How a Facebook Founder Wants to Solve Income Inequality

The thesis of Chris Hughes’s book Fair Shot: Rethinking Inequality and How We Earn is stated right up front: “Most Americans cannot find $400 in the case of an emergency like a car accident or a hospitalization, yet I was able to make half a billion dollars for three years of work. Something is profoundly wrong with our economy and in our country, and we have to fix it.” But is Hughes’s solution the answer?

Facebook

The critical event in Hughes’s short life (he is now 34) was that in 2003 at the age of 19 he chose to room in his sophomore year at Harvard with Mark Zuckerberg. During that sophomore year Zuckerberg, Hughes, and a third roommate Dustin Moskovitz developed Facebook, the now-legendary social media company. For his significant but relatively small role in Facebook’s creation Hughes was awarded a two percent share by Zuckerberg. It turned out to be worth $500 million when Facebook went public.

After working on the launch of Facebook Hughes went on to play a role in the social media apparatus of the Obama presidential campaign. Again he logged a major success in helping Obama win, as part of a successful venture. But he felt that his success was due much more to good fortune than to his own uniquely brilliant abilities.

Although he was no longer directly involved by that time, Hughes reveals a startling fact about Facebook. Facebook, he says, was “caught flat-footed when the surge in mobile users arrived in 2011. As late as that year, Facebook had only a handful of engineers focused on its mobile products, but it immediately pivoted to capture the emerging market, yielding enormous returns. Facebook went from zero mobile advertising revenue at the time of its initial public offering in 2012 to $22 billion a year by 2016.”

We need to be reminded how astonishingly recent this new mobile sharing economy is. The Apple iPhone appeared only 11 years ago and the now-ubiquitous mobile apps, such as Facebook, Uber, Twitter, Google, YouTube, etc. etc. caught hold only in the last few years.

Hughes also points out another interesting – and important – thing about Facebook:

In total, financial firms invested over $600 million in Facebook while it was still private. Because of outdated SEC regulations, most companies prefer to wait as long as possible to go public to avoid the regulations and public oversight that come with being traded on public markets. The effect of these policies is that no average American has any way to buy shares in the early days of the lives of valuable companies, but the networked ultra-wealthy are able to get a slice of them through these firms. In Facebook’s case, they were handsomely rewarded.
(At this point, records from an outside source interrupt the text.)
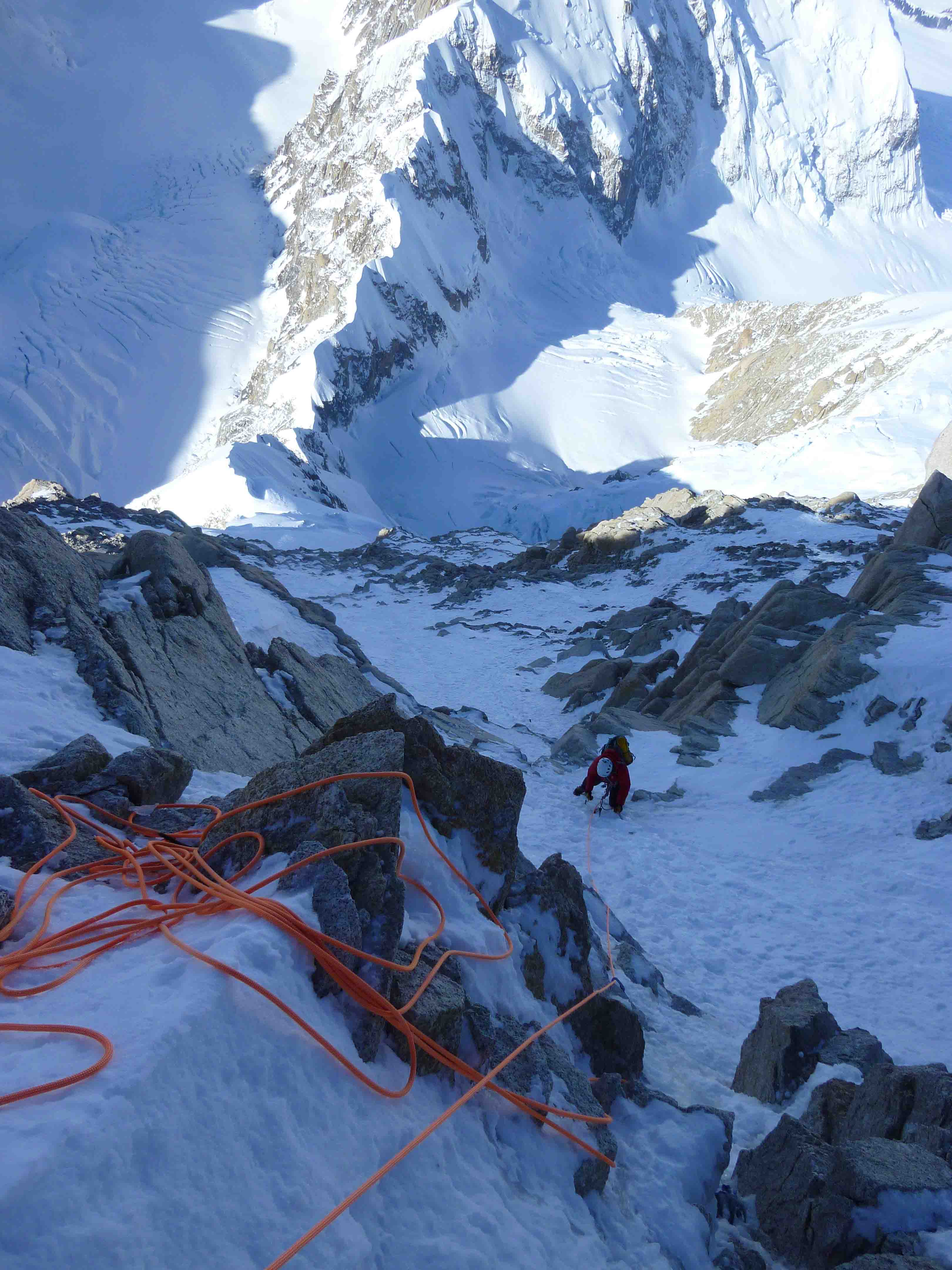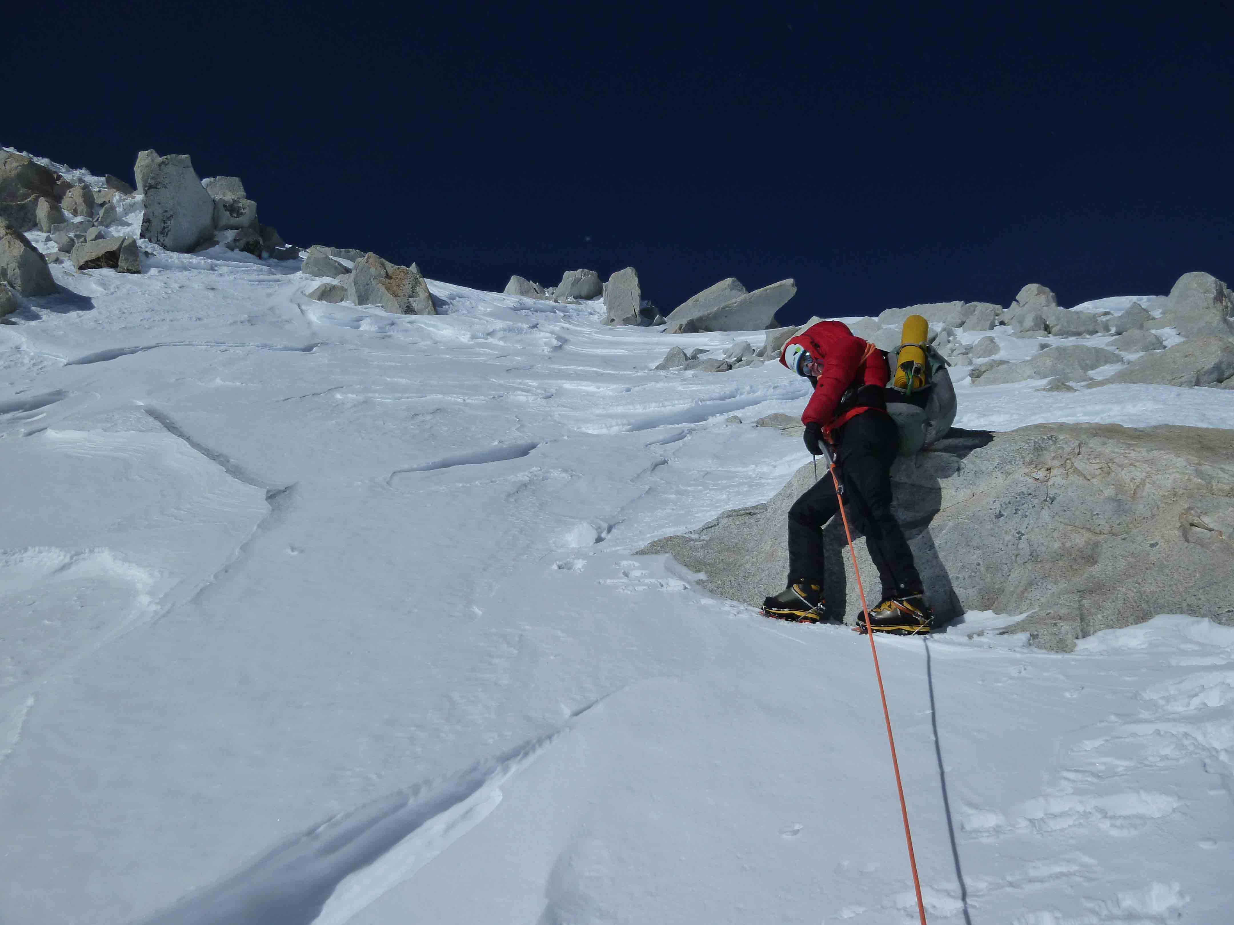 Ze daalden af naar het begin van de route (op 3800m), namen wat rust en begonnen rond 22.00 uur aan de beklimming. Rond 19.30 de volgende dag bereikten ze na 22,5 uur de top van de route. Een Nederlands snelheidsrecord.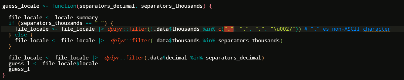 44: file_locale <- file_locale |> dplyr::filter(!.data$thousands %in% c("<d9><ac>", ".", ",", "\u0027")) # "<d9><ac>" es non-ASCII character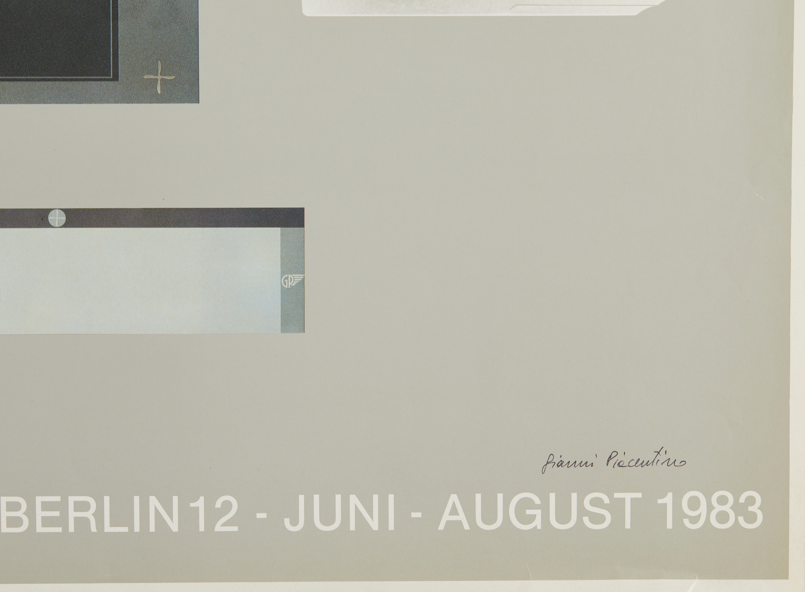 PIACENTINO GIANNI (n. 1945) Senza titolo. 1983. Poster. Cm 99,50 x 70,00. Firma in basso a destra. Poster della mostra tenutasi a Berlino. Stampato da Giacone, Chieri.

Startups have been waiting longer and longer to go public in recent years. Therefore, the early investments in the startups – the investments that they really need to become established and grow – can only be made by wealthy angel investors, venture capitalists, and private equity investors. That leaves the rest of investors, the smaller investors and most of institutional investment funds, to invest only in the secondary market where the flows of funds are not especially relevant to the companies themselves – and where a huge industry of investment advisors and managers compete with each other to lay claims to market-beating strategies that are of little importance to the overall economy. Perhaps Hughes could put his mind to how to remedy this situation.

Trying to do good

Many people who get rich feel that they have to “give back” in some socially-redeeming way. Hughes set out to use his new-found wealth, which he felt was largely due to unique circumstances and luck, to do something socially useful. He discovered that this isn’t so easy.